Он – настоящий артист. Именно Ал заставил меня задуматься о разнице между понятиями “артист” и “артистичный”. Я – артистичная, но не артист. Правда, впервые в жизни меня это не волновало – я просто хотела, чтобы Ал меня любил. Я практически уверена, что для Ала я всегда была хорошим другом, с которым можно поговорить по душам. Но, как бы я ни любила слушать, на этот раз мне хотелось куда большего. Я хотела, чтобы Ал хотел меня – так же сильно, как я его.
Посредине этого романа на экраны вышел гомерически смешной фильм “Бэби-бум” о женщине, вынужденной усыновить ребенка. Чарльз Шайер и Нэнси Мейерс выступили в роли сценаристов, режиссеров и продюсеров. Благодаря Нэнси и костюмеру Сьюзи Бейкер, ставшей моей близкой подругой, я в фильме получилась хорошенькой, элегантной и наконец-то смешной. Мне нравилась моя героиня – остроумная и бойкая авантюристка. Я наконец-то вернулась в кино! И помог мне в этом совсем не “Рай”.

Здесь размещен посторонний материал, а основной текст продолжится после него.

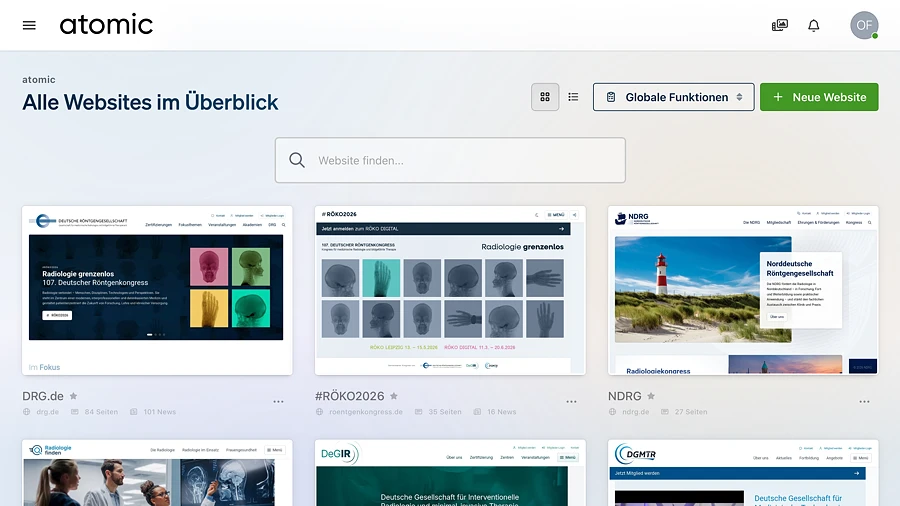 Die Site-Übersicht fasst alle Sites zusammen, auf die eine angemeldete Person Zugriff hat. Sie ist der zentrale Einstieg in die in atomic betreuten Webangebote.

Будущее уже не то, что прежде
Когда я приехала в больницу Глендейл, бабушка Холл уже сидела на краю койки и ждала, когда же ее заберут домой. Ее белоснежные волосы были заколоты тремя ржавыми шпильками, а радиоактивного цвета штаны с оранжевыми, красными и желтыми цветами оттеняла бешеного цвета блузка с абстрактными узорами.
– Ты знаешь, что новый дружок Дорри – еврей? Представляешь? А у местной медсестры Холли жених – итальянец. А санитарка тут вообще родом из Ливана. Кажется, она сестра комика Дэнни Томаса.
– Ты как себя чувствуешь?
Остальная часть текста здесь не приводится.